Physical cell-cell forces. Assuming that the system is highly damped, we set the inertial term to 0 so that external forces are balanced by viscous drag: dx/dt = ηf, where the quantity f is the external force acting on a cell, the quantity x is the position of the cell center, and η is the mobility:

$$\frac{d\mathbf{x}}{dt}=\eta \left(\sum _{n\in \text{n}.\text{n}}\left({\rho }_n+{\gamma }_n\right)\widehat{{\mathbf{d}}_n}+\sigma \mathbf{X}\left(t\right)\right).$$ (13)
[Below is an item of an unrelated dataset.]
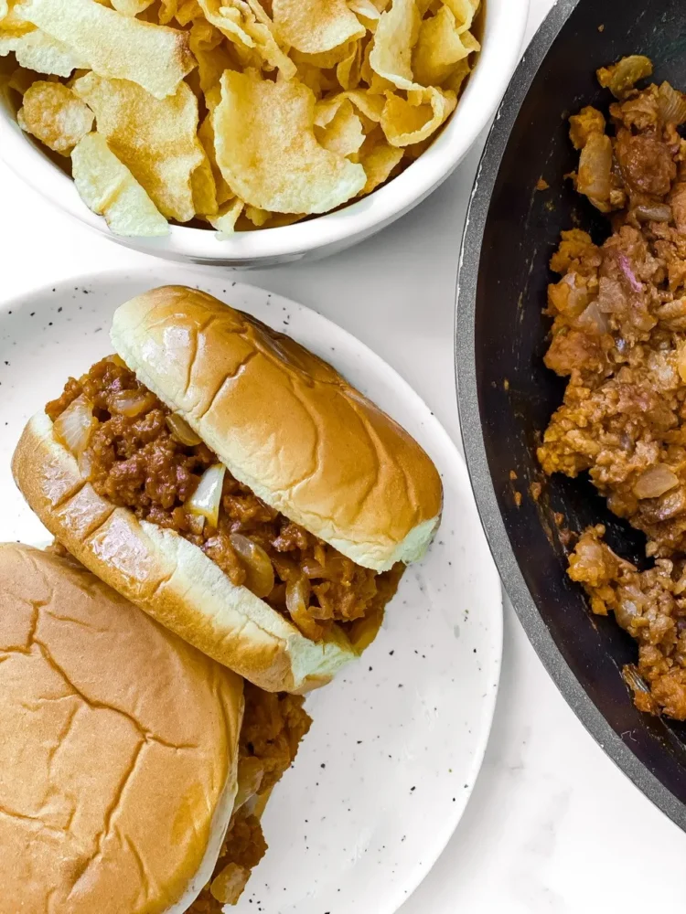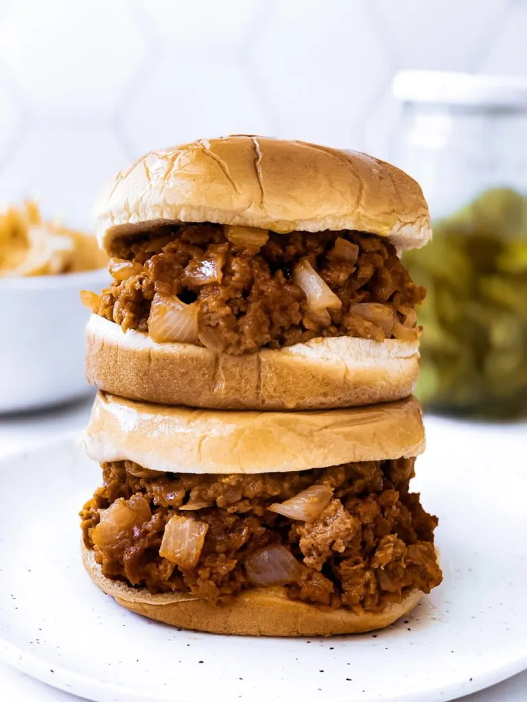 This recipe only has a few ingredients and that’s another reason why I like it. Did I say it was simple? I didn’t lie! Sometimes, simple is best. With the explosion of ground beef products out there, this makes this recipe even more legit and like I remember. Any brand of vegan ground beef or crumbles will work. This is savory and piquant (an extra point Scrabble word!) and literally can be assembled in minutes. The bun options are pretty endless too, but these are great as sliders. You could make this in an instant pot, but it’s just as easy on the stove top.

Here, the sum on n∈n.n indicates summing over nearest neighboring cells; if the cell centered at x has radius R₁ and another cell has radius R₂, the two cells are nearest neighbors if their cell centers are separated by less than R₁ + R₂. The quantities ρ_n and γ_n are magnitudes of repulsion and adhesion forces from neighbor cells, known to be important in epithelial cells, and $\widehat{{\mathbf{d}}_n}$ is a unit vector toward the neighbor cell. The self-generated random force is provided by X(t), which has components sampled from a normal distribution N(0,1); here σ indicates an amplitude factor for X. We refer to σX as an intrinsic stochastic motility. Cell motility has recently been shown to occur in enteroblasts (53), and labeled clones have been shown to split (15, 16). The latter may be due to stochastic motility or random cell shuffling, both of which are captured by the term σX. Forces are indicated in Fig. 3 B. Details are given in the Supporting Material.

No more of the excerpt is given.